Python Forum

Hello everyone.

In the code below I have simplified a result I'm trying to achieve.
I want to know how I can exit the outer function when the inner function returns a specific choice:

def outer_function():

    def inner_function():

        question = input('Answer here: ')
        if question == 'q':
            return menu()
        else:
            return question

    # if the return from the inner_function is 'menu()',
    # then I want the outer function to terminate as well
    # and not continue

    x = inner_function()
    while True:

        print(f'Here we evaluate a condition based on the {x} that is returned')

        return f'something related to {x}'


def menu():
    print('This is menu.')

    choice = input('Choose: ')
    if choice == '1':
        return outer_function()
    else:
        exit()

Thanks in advance.

You have a few things going on that are unusual.

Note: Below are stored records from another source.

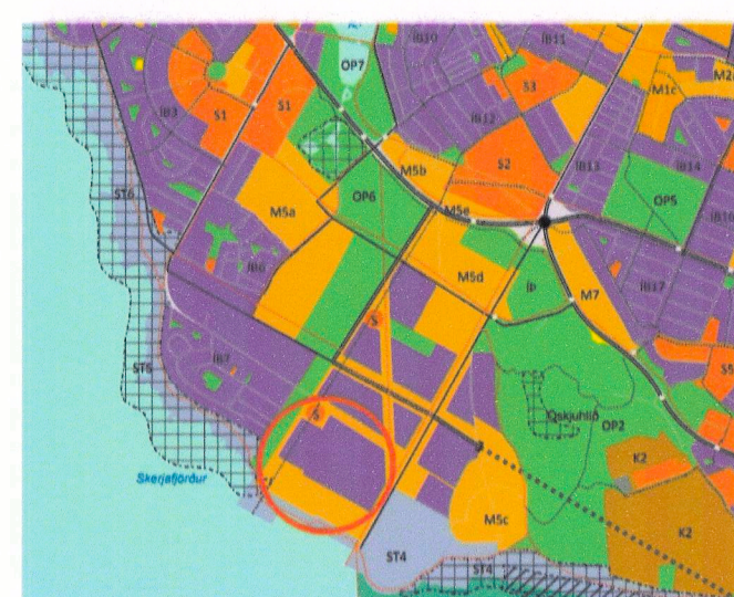
Aðalskipulag Reykjavíkur 2010-2030

Áfangi 1, reitir 1-12 og 16-17. STGR. 0-1-1668, 0-1-1680
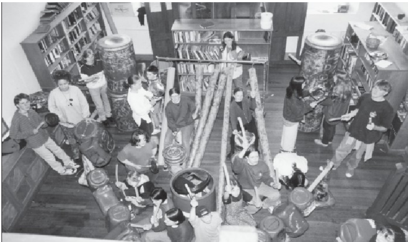
Evento popular durante la semana de la Música que consiste en tocar instrumentos hechos con desechos de equipo agrícola.
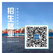
招生就业微信公众号
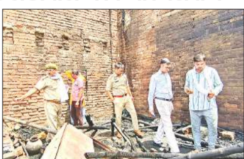
मौके पर जांच पड़ताल करते अधिकारी।
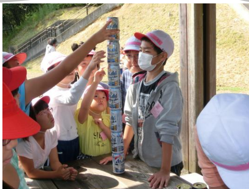
仲良し徒歩遠足での縦割り活動

本校では、異年齢集団による活動を取り入れ、下級生を思いやる気持ちや、上級生に対して感謝する気持ちを育てています。また、各学年に応じた子ども一人一人の役割意識をもたせることにより、共により良く生きようとする行動力と、一人一人の自己存在感を高めています。
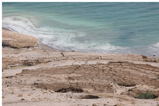
Am Toten Meer

Zurück im Hotel, können Sie die heilende Kraft des mineral- und salzreichen Wassers des Toten Meeres selbst ausprobieren. Sie befinden sich hier mit ca. 400 Metern unter dem Meeresspiegel am tiefsten See der Erde. Beim gemeinsamen Abendessen werden Sie sicher die Reise noch einmal Revue passieren lassen.
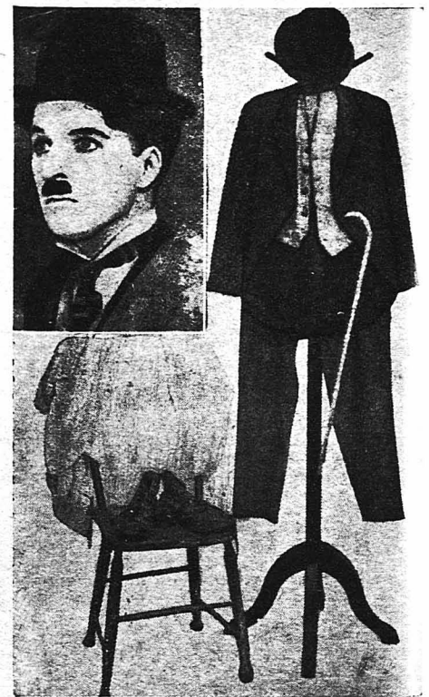
Τό κλασικό... βρεσιτάριο του Σαρλώ. (Θά τό γνώριζε κανείς και χωρίς νά βάλεμε τή φω- τογραφία κλάι)
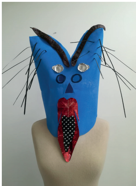
Resultaat van de workshop van Gonny Stuit

Op de heringerichte zolderverdieping werd een aantal workshops georganiseerd in het kader van de maskerade-tentoonstelling. In verband met de Museumnacht Kids deed Gonny Stuit een aantal workshops 'griezelmaskers maken'. De maskers waren daarna een aantal weken in het museum te zien. Ook de eigen 'educatiedames' waagden zich aan de maskers: op diverse dagen in weekenden en vakanties begeleidden zij kinderen bij het versieren van maskers.
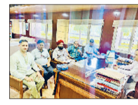
सोनीपत। कमेटी की बैठक लेते हुए कुलगुरु।
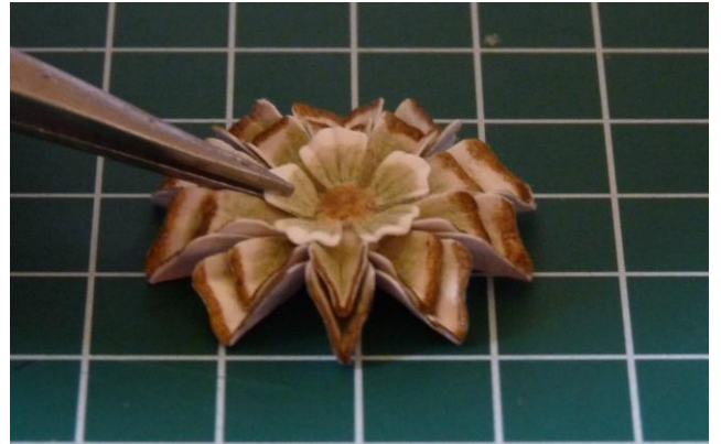
11 en plak als laatste het kleine bloemetje erop.
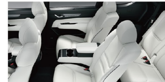
Body Color ロジウムホワイトプレミアムメタリック
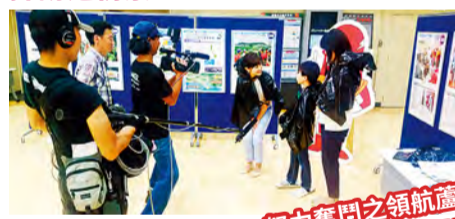
用垃圾袋製作簡單雨衣
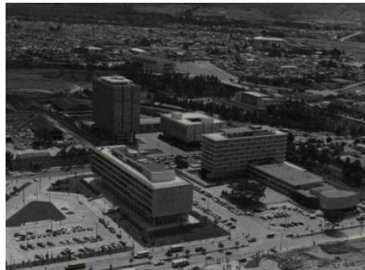
Figura 1: Edificios Centro Cívico primera Fase, Guatemala (1967).

El Centro Cívico de Guatemala, en su primera fase, es un conjunto urbano que está ubicado en el flanco sur de la ciudad el cual albergaría las oficinas de importantes entidades gubernamentales así como la propuesta del “nuevo corazón de ciudad”; asentado en un terreno sin mayores accidentes topográficos ya que esta área se extiende sobre la planicie del “Valle de la Ermita” en donde se asienta actualmente la ciudad capital. A nivel urbano impone otro tipo de traza introduciendo a la ciudad los ejes principales tipo boulevard, los cuales son evidentes en la 6ª avenida la cual sufrió una transformación radical con la demolición de la antigua iglesia del Calvario para poder ser prolongada y la 7ª avenida. Ambas avenidas atraviesan la ciudad de norte a sur. (Fuentes, 2011, 14)
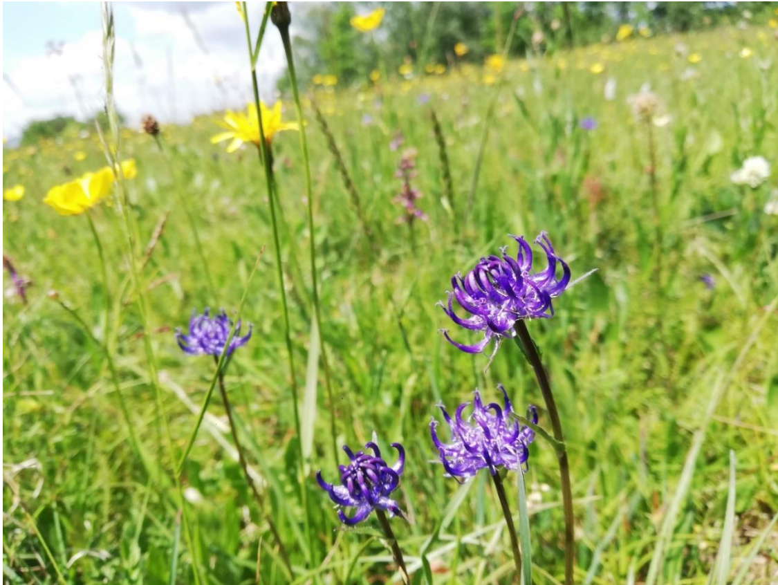
Abbildung 1: Kugelige Teufelskralle in Kalkmagerrasen (LRT 6210) am Ehberg

Wertgebende Schutzgüter im FFH-Gebiet sind die Magerrasen auf den kalkreichen Moränen- und Schotterablagerungen sowie den Drumlinlandschaften und auf den Kämmen und den Flanken der Faltenmolassezüge. Die häufigste Pflanzengesellschaft bildet der Silberdistel-Horstseggenrasen ( Carlino-Caricetum sempervirentis ). Traditionell wurden die Flächen vermutlich im Sommer gemäht, teilweise mit Nachweide.
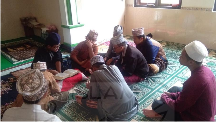
Gambar 20 Taklim fadhilah amal
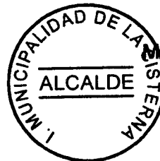
MANUEL LEON ITURRIETA ALCALDE (S)
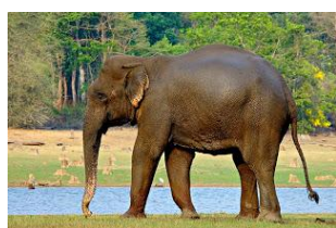
“ช้าง” สัตว์ประจำชาติประเทศลาว

ฝูงหนึ่งอาจมากถึง 20 ตัว อนุรักษ์จัดว่าเป็นสัตว์เสี่ยงลูกด้วยนมที่พบเห็นได้ยากที่สุดชนิดหนึ่งของโลก พบได้ทางเหนือของประเทศกัมพูชา ทางใต้ของลาว ทางตะวันตกของเวียดนาม และทางตะวันออกของไทย ปัจจุบันไม่มีการรายงานการพบมานานแล้ว เชื่อว่าอาจจะยังพอมีหลงเหลืออยู่ในชายแดนไทยกับกัมพูชาแถบจังหวัดศรีสะเกษ ราวปี พ.ศ.2507 มักจะมีข่าวว่าพบสัตว์ลักษณะคล้ายกูบรีอยู่บ่อยๆ แต่ก็ยังไม่มีหลักฐานยืนยันที่น่าเชื่อถือพอ นอกจากคำเล่าลือเท่านั้น
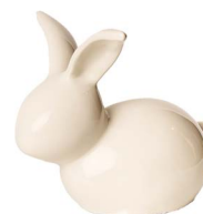
Cod: CK 857/Bi Des: Coniglietto bianco grande Note: 21x12x20
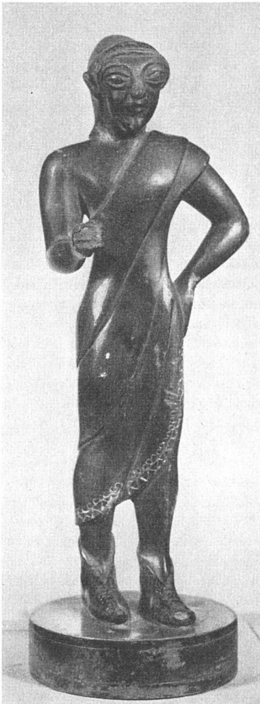
Opfernder aus Elba. Kleinbronze, 4. Viertel 6. Jahrhundert. Neapel

Jahrzehnte offenbar so selbstverständlich geschahen, daß man gar nicht daran dachte, auch die näheren Lebens- und Arbeitsumstände der Keramiker in Erfahrung zu bringen und aufzuzeichnen. Nicht nur das Kunstgewerbemuseum versäumte die Aufzeichnungen der Personalien, auch die in letzter Zeit konsultierten Lexika und Handbücher schweigen. Vielleicht bietet sich hier eine neue, wie es scheint, dringende wissenschaftliche Aufgabe für die kürzlich gegründete schweizerische Ceramica-Gesellschaft? m. n.
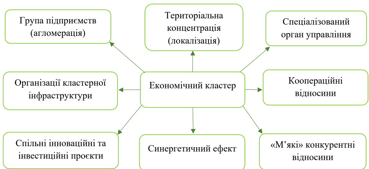
Рисунок 1 – Основні риси сучасного кластеру в Україні

Основні риси побудови сучасного кластеру в Україні, відображені на рис. 1.
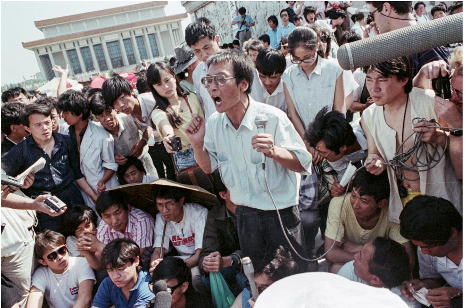
1989年，劉曉波向天安門廣場的人群發表講話。

另外，中國政府也在試圖重新定義「人權」的概念，區分政治和經濟權利，說中國優先人民的經濟權，「發展是最大的人權」。這個敘事在中國大陸逐漸變主流了，有時看社交媒體上關於六四的評論，中國海外留學生留言的，會比較莫名其妙，看到六四的反應是「大家要珍惜現在的幸福生活，幸福生活來之不易。」大家最大的經驗還是「不要亂，亂了就阻礙發展，要保持社會穩定。」
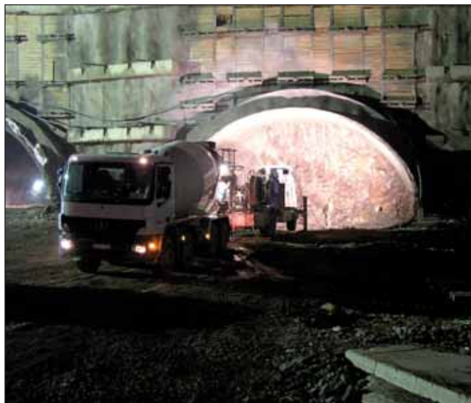
Obr. 8 Zahájení ražby dvoupruhového tunelu od cholupického portálu Fig. 8 Commencement of the driving of the double-lane tunnel from the Cholupice portal

Fig. 7 A travelling formwork at the transition between the cut-and-cover four-lane tunnel and the mined triple-lane tunnel
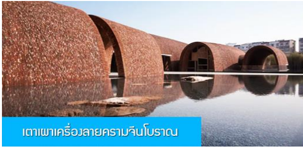
เตาเผาเครื่องลายครามจินโบราณ
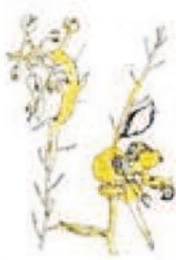
चित्र – 7.6 (2) महामृग शीर्ष (Stage head)

अतिवृद्धि या कुरुपित होकर महामृग शीर्ष (stag head) को बना देते हैं तथा बंध्य हो जाते हैं। पुष्पांग फूले हुए मांसल हरे या बैंगनी रंग के हो जाते हैं। पंखुडियाँ बाह्य दल के समान हरे रंग की पुंकेसर पत्ती के समान या कभी-कभी स्त्रीकेसर के समान विरूपित हो जाते हैं। कभी-कभी पुंकेसर फूलकर मुद्गर जैसी आकृति के और अण्डाशय फूलकर मांसल हो जाता है। पराग कण एवं बीजाण्ड के शीर्ण या अपश्य होने के कारण बीज नहीं बनते हैं। स्वस्थ सुषुप्त कलियाँ उद्दीप्त होकर पार्श्वी शाखाओं के रूप में विकसित हो जाते हैं। वर्षा होने पर रोगी पौधे सड़ जाते हैं परन्तु शुष्क अवस्था में मृगशीर्ष (Stage head) शुष्क खड़े होकर ऎठन भरे दिखाई देते हैं।
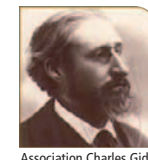
Association Charles Gide
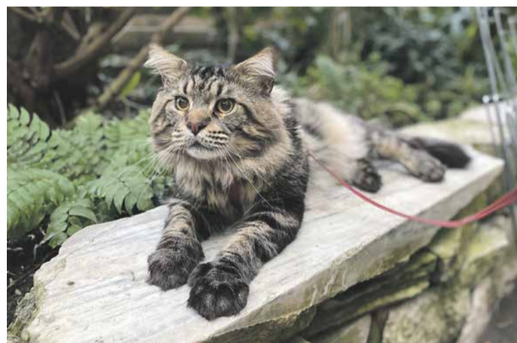
FOT. PALMIARNIA POZNAŃSKA

Poznańska Palmiarnia zaprasza na Pokaz Kotów Rasowych, który odbędzie się 10.03 w g. 10–16. Organizuje go Poznański Klub Kotów Rasowych „Amofeles”. Wstęp w cenie standardowego biletu. Z kolei 26.03 o g. 11 można wybrać się na spacer z przewodnikiem wśród roślinności palmiarnianych pawilonów. Obowiązują zapisy: tel. 514 652 476; 510 674 848, liczba miejsc ograniczona. Warto pamiętać, że w ramach akcji Wtorki Seniora w każdy wtorek bilety dla osób 60+ są w cenie 4 zł/os.
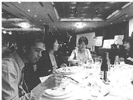
米山奨学生のゴバル君も初参加
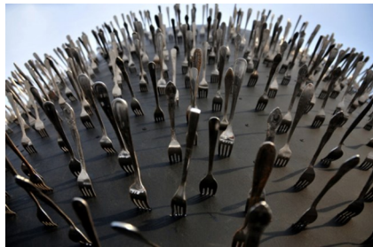
'Delicatessen', obra de Roberto Fabelo

Las muestras colectivas o personales, principales (oficiales) o colaterales ofrecen una fascinante ceremonia de simulacro y homologación con productos del mundo
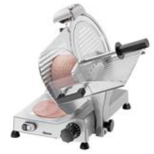
▶ Ausgelegt für Wurst
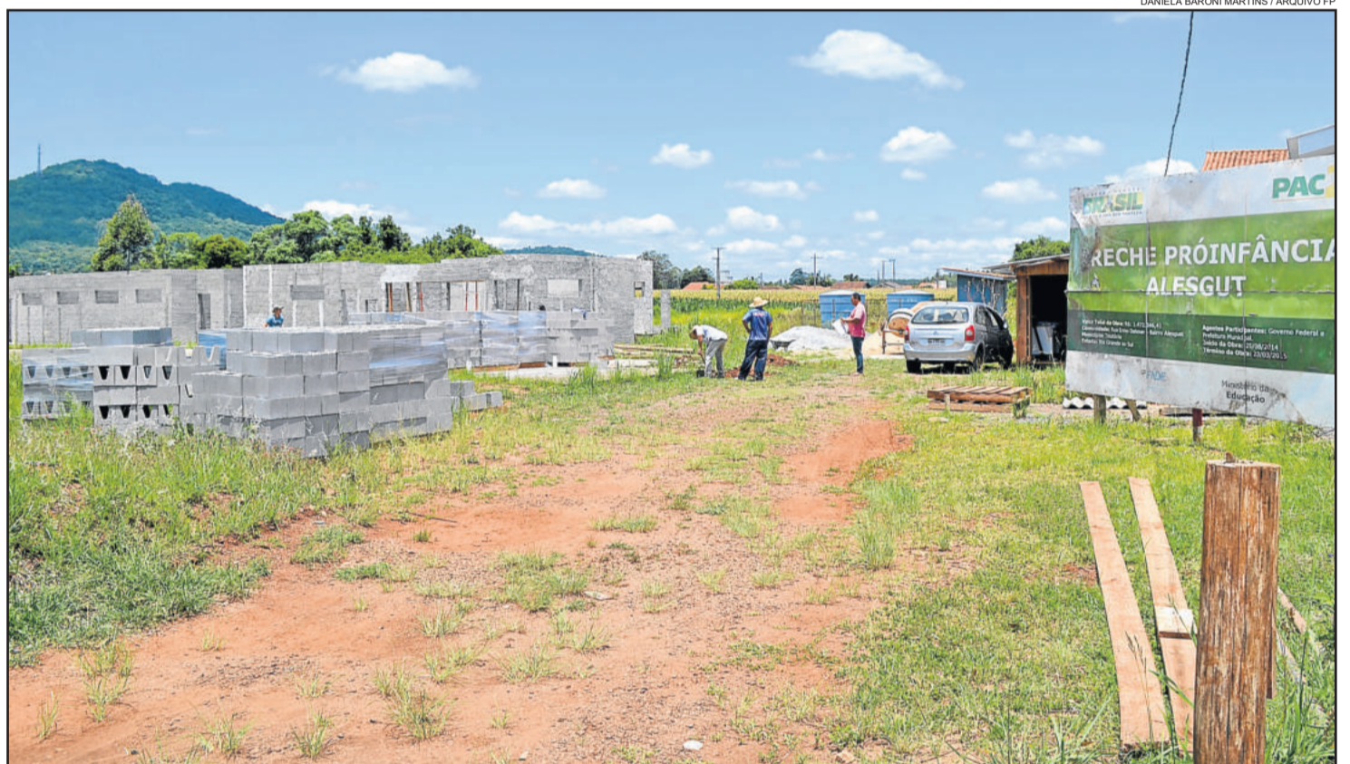
Nova Proinfância no Bairro Alesgut deve ajudar a diminuir a lista de espera

Hoje a maior demanda por vagas fica no Bairro Canabarro. A Administração estuda a locação de um imóvel para implantação de uma escola infantil para diminuir a fila de espera. A nova escola de educação infantil do Bairro Alesgut também deve contribuir para a redução da fila.

menu calls outer, outer calls inner, and inner calls menu. That's a recipe for an infinite recursion. I don't think it's needed. Perhaps if you had more specifics about what the functions should do, we could have some suggestions. Right now it seems to be a control flow example, but the control flow looks odd.

Also, there's no reason to have the inner function defined inside the outer. It doesn't reference any variables in the outer function, so better would be to have them independent. That doesn't prevent them from calling each other.

You mentioned that this was a simplified example. If you really need to do this, the common way is using Sentinel values to signal something. It's a value that simply cannot be generated any other way. Here's an example:

>>> def outer():
...   class Sentinel:
...     pass
...   def inner():
...     question = input("Answer here: ")
...     if question == "q":
...       return Sentinel()
...     return question
...   x = inner()
...   if isinstance(x, Sentinel):
...     return
...   while True:
...     print(f"do something with {x}")
...
...
>>> def menu():
...   print("hi i'm a menu")
...   running = True
...   while running:
...     choice = input("Choose: ")
...     if choice == "1":
...       outer()
...     else:
...       running = False
...
>>> menu()
hi i'm a menu
Choose: 1
Answer here: q
Choose: 1
Answer here: q
Choose: 1
Answer here: q
Choose: asdf

The other option is to include state with the function return. Something like:

>>> def outer():
...     def inner():
...         question = input("Answer: ")
...         state = {"response": question}
...         state["next"] = "return" if "q" == question else "work"
...         return state
...     x = inner()
...     if "return" == x["next"]:
...         return
...     while True:
...         print(f"do something with {x}")
...

That version can quickly get very messy if you're not careful, though, and make it very difficult to debug. But the state method is how things like level transitions work in video games.

(Feb-26-2021, 10:14 PM)nilamo Wrote: [ -> ]x = inner()...     if "return" == x["next"]:...         return

Thank you. This helped.
I also did some tweaking to deal with the recursion issue.